O'Connor termed existing methods for individualizing goals “primitive,” as being based on medical intuition, suggesting that better approaches would be based on randomized controlled trial subgroup analysis and on the risks in specific individuals of hypoglycemia, and of nonadherence, as well as individuals’ specific risks of micro- and macrovascular complications. As an example, he reviewed evidence for personalization of lipid goals based on ACCORD. Use of statins is not controversial, but subsequent addition of a fibrate to manage HDL cholesterol/triglyceride is controversial. In ACCORD, fenofibrate addition was not associated with overall benefit, but those individuals with triglyceride >200 and HDL cholesterol >35 mg/dL may have had benefit, suggesting that this may be an additional treatment group. “When it comes to A1C it's a much trickier proposition,” he said, because benefits decrease and risks increase as additional drugs are added, and it may be appropriate to have a goal of <7% for individuals requiring metformin and lifestyle change but a goal of <8% for those requiring multiple agents, particularly if they have increased mortality risk. To avoid eye and renal complications, A1C <6.5% is desirable but only modestly beneficial with a “number needed to treat” >70, but this glycemic goal was also associated with increased mortality in all patient subgroups in ACCORD in his interpretation of the study, with a “number needed to harm” of 94. He suggested that the choice of A1C goal requires ascertaining a given patient's preferences for longevity versus eye/renal complications, a very difficult conversation to have with patients, many of whom are “just not able to understand” these concepts. “As difficult it is to talk about it now … it's going to get more difficult,” he said, describing a study of 9p21 genotype status, with the A/A and A/G genotypes not appearing to have 10-year mortality benefit of improved glycemia, whereas the G/G genotype showed worse outcome than those with an A allele with A1C in the upper tertile, though they had better outcome with glycemic control (1). With increasing understanding of the mechanisms of complications, complex algorithms may be required to determine appropriate individualized treatment approaches.

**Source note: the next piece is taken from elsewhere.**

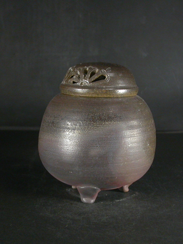 昭和26年岡山県生まれ。備前焼に惹かれ備前陶芸センター卒業後人間国宝山本陶秀・岡山県無形文化財山本雄一親子に師事。県展他入賞。陶秀の陶技・焼成を良く受け継ぎ陶秀譲りのろくろ技術と紐造り・面取等多彩な造形で人気があります。この香炉は今回窯出しの最新作で雰囲気のある作りに、焼けは良く焼き締まった地肌に黄・焦げ茶のゴマがたっぶりと掛かり良い雰囲気の作品となっています。高さ約12センチ、径約10.3センチ。栞付き。送料は地域別送料です。別注品を除く5,000円以上のお買上げで送料500円。 別注品を除く10,000円以上のお買上げで送料無料にさせていただきます。 ※離島にお住まいの方は別途ご連絡いたします。

For an individualized risk-based approach, O'Connor recommended that one take into account the extent to which risk of, say, cardiovascular disease, is reversible above that based on age, sex, and genotype, allowing prioritization of goals. With use of such an approach in an analysis at his center, the total cardiovascular risk of diabetic patients was 23.3%, but only 5.7% of risk could be considered reversible. Approximately one-third of patients did have >10% reversible risk, however, so that it may be rational to treat specific patients at specific times, particularly if the electronic medical record permits entry of data in a risk calculation “engine” based on glucose, blood pressure, lipids, cigarette use, obesity, and aspirin use, allowing specific recommendations for specific patients. Of course, risk calculation must always use the most current clinical trial data. This concept of risk-based prioritization incorporating patient preferences will, O'Connor concluded, be critical to appropriate development of personalized goals along with new understanding of genetic factors contributing to risk and, in the future, will allow optimal choice of specific medications.

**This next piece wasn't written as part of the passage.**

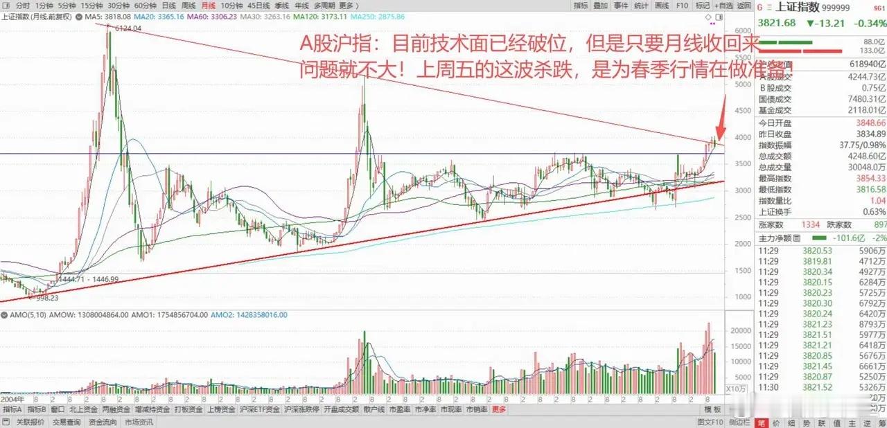 全球股市止跌回升,港股大反攻!A股2小时缩量2807亿,静待多头发动攻势! 1、美股周五止跌了! 由于近期美股带领全球科技股连续杀跌,当地时间11月21日美联储出来放鸽救市,让市场对于12月降息的概率预期提升到了70%上方,上周五美股三大指数终于止跌回升,连周四跌幅最狠的存储芯片方向都企稳上涨了。截止收盘,道指上涨1.08%、纳指上涨0.88%、标普500指数上涨0.95%。 2、中概股、欧洲和亚太股市企稳 受此影响,美股中概股也止跌回稳,纳斯达克中国金龙指数上涨1.23%;欧洲股市周五涨跌参半,没有跟跌亚太股市的暴跌,同样出现企稳现象。而今天亚太股市表现优秀,除了日本股市假期休市以外,韩国和澳大利亚股市止跌反攻,上午在涨幅1%附近震荡。 3、港股也大反攻了! 港股也跟随亚太股市走强,恒生指数早盘跳空高开0.92%,随后震荡上行,午间收盘上涨1.42%。而从10月3日至上周五,港股恒生科技指数下跌近20%,到今天终于遇年线企稳了!港股科技股今天也表现强势,恒生科技午间收盘上涨1.65%,网易和阿里巴巴大涨5.67%和4.13%。 4、A股逆势杀跌 上午A股的表现却极其反常和让人疑惑,没有跟涨任何一个市场,反而还在缩量弱势探底。上证指数早盘跳空高开0.36%以后,开盘就是最高点,随后震荡下行,午间收盘下跌0.34%,收在3821点。另外深证成指、创业板指、科创50指数同步下跌,跌幅分别为0.59%、0.77%、0.4%。 5、半天缩量2807亿 A股上午还有一个明显的特征,量能萎缩到极致,上午两市成交额仅1.02万亿,仅半天比周五上午缩量2807亿,如果下午不放量,预计全天也就在1.5万亿成交额附近。空头虽然仍在杀跌,但是下跌已经没量了,股民不愿意在这个时候交出筹码。多头蓄势待发,随时可能发动攻势。 综上所述,目前A股沪指在各个突破关键位上来说,已经是技术破位。但是从大方面和趋势来说,牛市格局不变,无非是洗盘的回踩深度和时间问题。已经止损出来的朋友,目前静待时机,何时收复关键位置,一定要及时入场。 市场的杀跌属于技术面的盘整和受全球股市的影响,情绪面的利空,并不存在基本面和消息面利空的影响。像这类情绪面的杀跌是最容易被市场修复的。

Sheldon Greenfield, Irvine, California, distinguished clinical practice guidelines from quality of care or performance measures, noting that the former are recommendations, or “guides,” and are meant to be overridden by clinical circumstances and judgment, whereas quality of care measures should be seen as being more of a standardized test so that clinical circumstances must be part of the measure, with flexibility included in the scoring methodology for the measure to be appropriately designed (2). Patient preferences should also be taken into account, and one must avoid the scores becoming “very rigidified.” Guidelines are applied by health-care practitioners and do not require specifications, while quality of care measures can be applied by nonpractitioners based on precise specifications. Quality of care measures should be based on the highest levels of evidence, while guidelines can be based on clinical recommendations. The Institute of Medicine committee on setting standards for guidelines, which he chairs, aims to “try to make sense of the chaos” (3). As an example, Greenfield pointed out that the evidence that A1C should be tested at least twice yearly is level E, which he termed “fine for providers, [but] not fine for quality.” We are realizing that less stringent A1C goals are appropriate for patients with a history of severe hypoglycemia or with limited life expectancy or extensive complications, but, Greenfield asked, “how can a person abstracting data” know this for a given charted patient? Quality measures are developed by multiple organizations, then endorsed, and then adopted, and in part because of these efforts, the frequency of blood pressure measurement, A1C, and nephropathy testing and eye examination has gradually increased, whereas the prevalence of poor glycemic and blood pressure control has decreased, with individuals having Medicaid insurance lagging behind those with Medicare and commercial insurance, suggesting that further efforts will be important. He wondered whether we are quibbling about whether A1C levels should be 6, 6.5, or 7%, while “there's a lot to do at the upper end” with many individuals having levels >9%, and similarly blood pressure and lipid control are often far above desirable levels. A given person's degree of control is often “not under our control,” and, rather, requires a great deal of patient adherence.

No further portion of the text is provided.